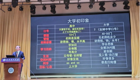 随后,院长黄传河开启和新生长达一个半小时的“对话”。他开篇提到四个字“追求卓越”,追求卓越不是一定要做到第一,而是要勇于探索新的领域,立足专业,突破自我,实现自身的价值。并对高中与大学的区别做了精辟的总结,提到“到了大学就解放了”等标语是对学生的误导;高中时老师是保姆,大学老师则经常见不到;高中讲的慢,讲的细,大学则是快节奏;高中刷题考高分,大学要学会思考和创新。
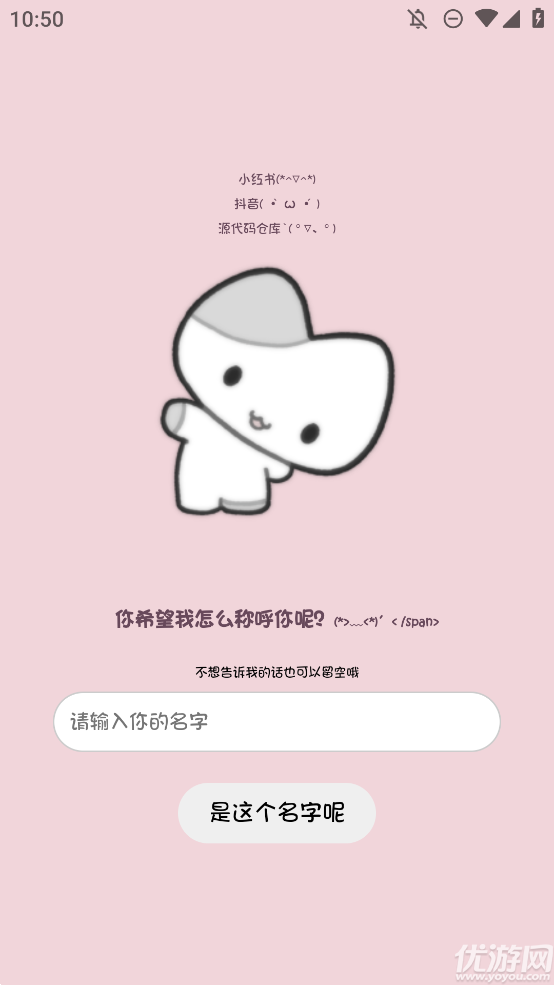 1、下载安装应用后打开软件,在进入界面时输入想让小猫称呼你的名字。
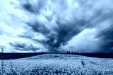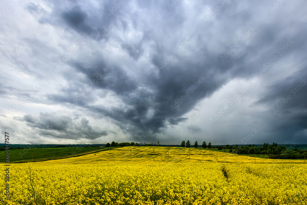 An approaching thunderstorm in a flowering rapeseed field.
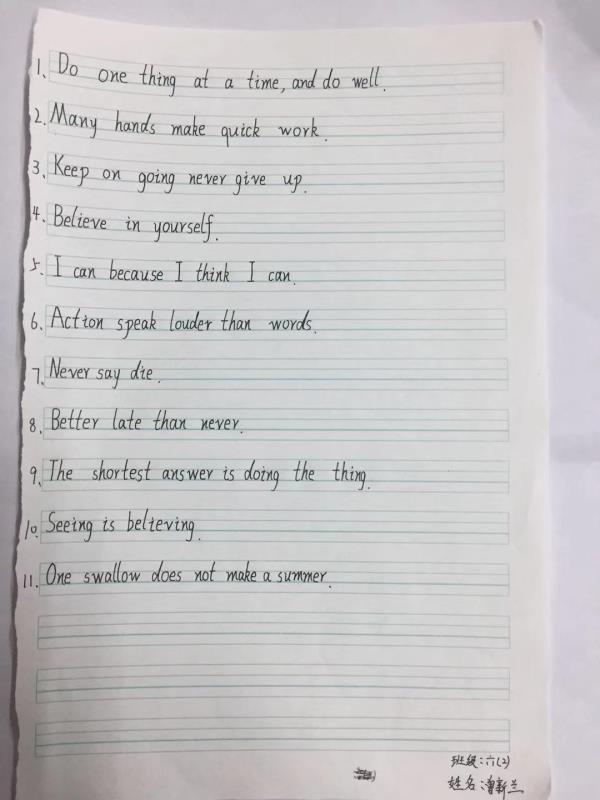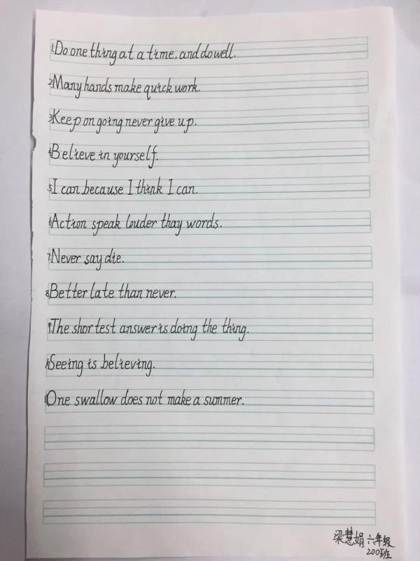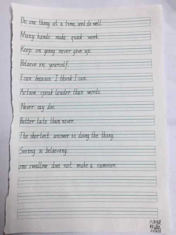 为进一步规范学生英语书写,培养良好的书写习惯,我校六年级英语组在12月7日、11日分别在班级开展了英语书法比赛,970名学生积极参与其中。
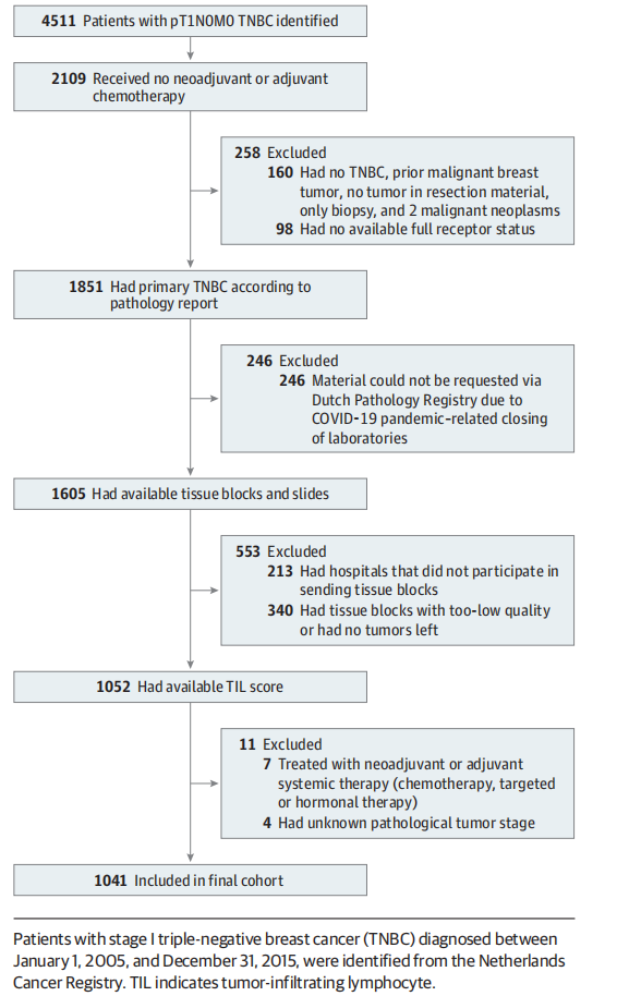 对于肿瘤较小且无淋巴结转移的Ⅰ期三阴性乳腺癌(TNBC)患者,化疗的绝对获益目前尚不清楚,目前还没有生物标志物可用于选择那些可能从新辅助或辅助化疗中获益微乎其微、预后极好的患者。高级别的肿瘤基质浸润性淋巴细胞(sTILs)与TNBC中有利的生存率相关,但缺乏仅针对Ⅰ期TNBC的数据。紧接着4月份的JAMA文章,JAMA Oncology杂志今年6月份又发表了一篇题为《未接受化疗的Ⅰ期三阴性乳腺癌患者中的肿瘤浸润性淋巴细胞检测》的文章。这项队列研究使用了荷兰癌症登记处2005年1月1日至2015年12月31日期间被诊断为Ⅰ期TNBC的患者,只选择了未接受新辅助和/或辅助化疗的患者。数据分析在2023年2月至10月期间进行。
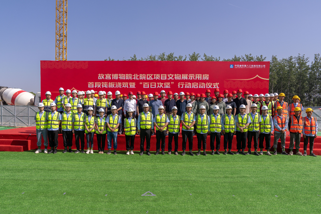 為激發(fā)建設(shè)者勞動(dòng)熱情,聚力攻堅(jiān)下一階段目標(biāo)任務(wù),5月17日,中建八局承建的故宮博物院北院區(qū)項(xiàng)目舉行首段筏板澆筑暨“百日攻堅(jiān)”行動(dòng)啟動(dòng)儀式,標(biāo)志著文物展示用房全面進(jìn)入主體結(jié)構(gòu)施工階段。
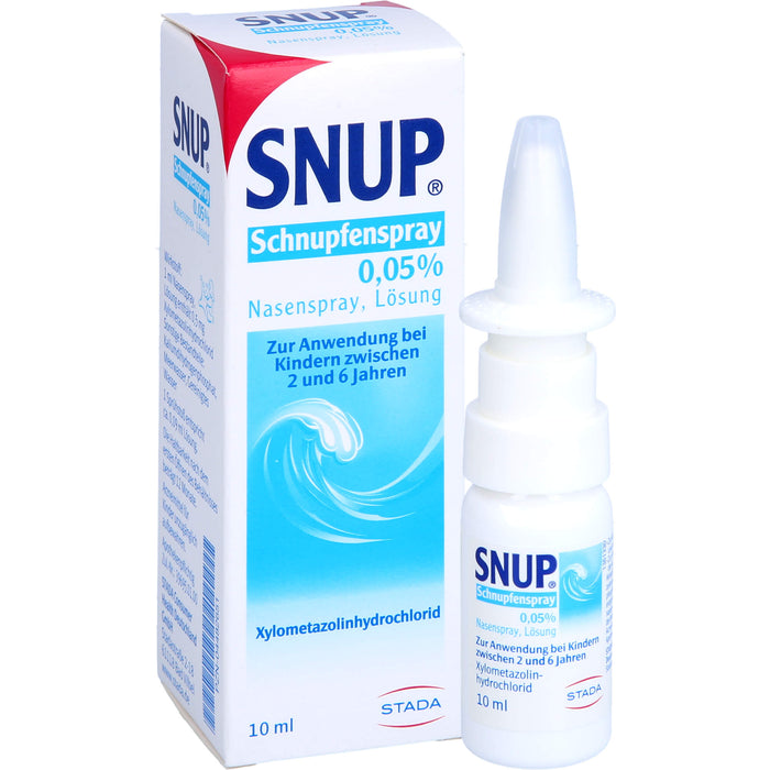 Snup Schnupfenspray 0,05%, Nasenspray, Lösung. Wirkstoff: Xylometazolinhydrochlorid. Anwendungsgebiete: zur Abschwellung der Nasenschleimhaut bei Schnupfen, anfallsweise auftretendem Fließschnupfen (Rhinitis vasomotorica), allergischem Schnupfen (Rhinitis allergica) und/oder zur Erleichterung des Sekretabflusses bei Entzündung der Nasennebenhöhlen sowie bei Katarrh des Tubenmittelohrs in Verbindung mit Schnupfen.

YOUR OBJECTIVE
Leave the pictures out and copy exactly the lines from the one that holds "An approaching thunderstorm" through the last line of the material.

RESULT OF THIS EXERCISE
 An approaching thunderstorm in a flowering rapeseed field.
 为进一步规范学生英语书写,培养良好的书写习惯,我校六年级英语组在12月7日、11日分别在班级开展了英语书法比赛,970名学生积极参与其中。
 对于肿瘤较小且无淋巴结转移的Ⅰ期三阴性乳腺癌(TNBC)患者,化疗的绝对获益目前尚不清楚,目前还没有生物标志物可用于选择那些可能从新辅助或辅助化疗中获益微乎其微、预后极好的患者。高级别的肿瘤基质浸润性淋巴细胞(sTILs)与TNBC中有利的生存率相关,但缺乏仅针对Ⅰ期TNBC的数据。紧接着4月份的JAMA文章,JAMA Oncology杂志今年6月份又发表了一篇题为《未接受化疗的Ⅰ期三阴性乳腺癌患者中的肿瘤浸润性淋巴细胞检测》的文章。这项队列研究使用了荷兰癌症登记处2005年1月1日至2015年12月31日期间被诊断为Ⅰ期TNBC的患者,只选择了未接受新辅助和/或辅助化疗的患者。数据分析在2023年2月至10月期间进行。
 為激發(fā)建設(shè)者勞動(dòng)熱情,聚力攻堅(jiān)下一階段目標(biāo)任務(wù),5月17日,中建八局承建的故宮博物院北院區(qū)項(xiàng)目舉行首段筏板澆筑暨“百日攻堅(jiān)”行動(dòng)啟動(dòng)儀式,標(biāo)志著文物展示用房全面進(jìn)入主體結(jié)構(gòu)施工階段。
 Snup Schnupfenspray 0,05%, Nasenspray, Lösung. Wirkstoff: Xylometazolinhydrochlorid. Anwendungsgebiete: zur Abschwellung der Nasenschleimhaut bei Schnupfen, anfallsweise auftretendem Fließschnupfen (Rhinitis vasomotorica), allergischem Schnupfen (Rhinitis allergica) und/oder zur Erleichterung des Sekretabflusses bei Entzündung der Nasennebenhöhlen sowie bei Katarrh des Tubenmittelohrs in Verbindung mit Schnupfen.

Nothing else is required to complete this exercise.